Инфоповодом для передачи «Аборт – в надлежащую волну» явилось постановление о селективных абортах в одной из прошлых союзных республик, ныне – независимого мусульманского государства, где мальчики считаются большей ценностью, чем девочки. Потому в этом самом государстве было принято решение разрешать аборт, если плод женского пола. За обмусоливание разнообразных морально-этических, нравственных и физиологических аспектов данной темы радостно схватились наши телевизионщики, которым бы погорячей и позабористей. А там – хоть трава не расти. Формат передачи «Членом по столу» предполагал героев, противников и сторонников. В данном случае не селективного аборта в стране, ныне не имеющей никакого отношения к России, кроме ещё не окончательно вымерших русскоговорящих среди коренного населения, а прерывания беременности как такового. Татьяна Георгиевна отчего-то была приглашена в главные герои передачи, хотя ни одного аборта не сделала. Хм, двоякое утверждение: не сделала ни одного аборта. Абортов она, разумеется, выполнила множество. И в раннем сроке, и по медицинским показаниям. Но она не сделала ни одного аборта. Или всё-таки сделала? “This dark assertion will be illuminated later on”, как сказал бы старичок О.Генри. Или бы продекламировал рыжий знаток литературы Родин Сергей Станиславович.
Не такая неуютная, но тоже весьма сараюшного вида студия (нет, как они выглядят так красиво на экранах, представляя собой в жизни полнейшее убожество?!), была зонирована следующим образом: слева от подиума, по которому живенько рысачил коротышка-ведущий, была тумба, за ней стояли «противники», справа – тумба со «сторонниками». Перед самим подиумом располагались два кресла для главных гостей. Позади амфитеатром громоздились скамьи со зрителями, аплодирующими и смеющимися по сигналу, и Татьяна Георгиевна представить себе не могла, что это за люди, где их находят и на каком аркане сюда тянут. А она что тут делает?

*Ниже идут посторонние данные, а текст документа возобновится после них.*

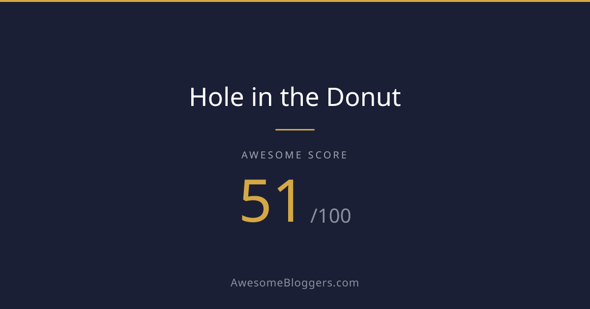 <a href="https://www.awesomebloggers.com/blog/hole-in-the-donut" target="_blank" rel="noopener"><img src="https://www.awesomebloggers.com/api/badge/hole-in-the-donut?w=150" alt="Hole in the Donut — Awesome Score 0/100" width="150" /></a>Paste this in your blog’s sidebar or footer.

– А вы что тут делаете? – улыбнувшись, шёпотом вопросила она сидящую с нею рядом в «главногеройском» кресле молодую девицу.
– Я актриса! – высокомерно ответила та.
Не родилась ещё та актриса, которая акушера-гинеколога холодом и высокомерием обдаст. Ну, или уже умерла. Фаина Раневская, например, очень бы даже могла. Но вряд ли бы захотела. Девица явно хотела облить Мальцеву холодом и презрением. Не понятно, почему. В любом случае, Татьяна Георгиевна не придала этому никакого значения.
– В смысле, актриса? – удивилась она. – Вы сделали много абортов и будете настаивать на том, что женщина – хозяйка своему телу, или вы не сделали ни одного аборта, у вас уже семеро детей, несмотря на молодость, и вы станете нести в мир, что бесконечные беременности – это прекрасно?
– Да нет! – внезапно хихикнув и куда теплее сказала молодая девица. – Я актриса. Просто актриса. В сериалах снимаюсь. Вы меня разве не узнаёте? Я актриса первого медийного ряда.
Это было ещё до того, как грамотный в вопросах не только медицинской терминологии Родин разъяснил Татьяне Георгиевне, что это за медийные ряды такие: «Первый медийный ряд: даже если не знаешь фамилию, морда знакомая. Второй: морда малознакомая, но если сказать, где и кого играл-играла – вспомнишь…» – и потому Мальцева этому «первому медийному ряду» никакого значения не придала.
– А вы кто? – поинтересовалась девица.
– Я врач. Акушер-гинеколог.
– Настоящий? – встрепенулась «просто актриса».
– Да. Настоящий акушер-гинеколог. Вон, за правой тумбой ещё настоящий врач акушер-гинеколог стоит. Доктор наук. Профессор. Приличный, что называется, настоящий профессор. Странно, что она стоит в «сторонниках». Насколько я её знаю и сколько я с ней пересекалась, она является ярой противницей абортов. Как и любой настоящий акушер-гинеколог.
– Не делает, что ли?
– Почему не делает? Делает.
– Зачем же она их делает, если она их противница?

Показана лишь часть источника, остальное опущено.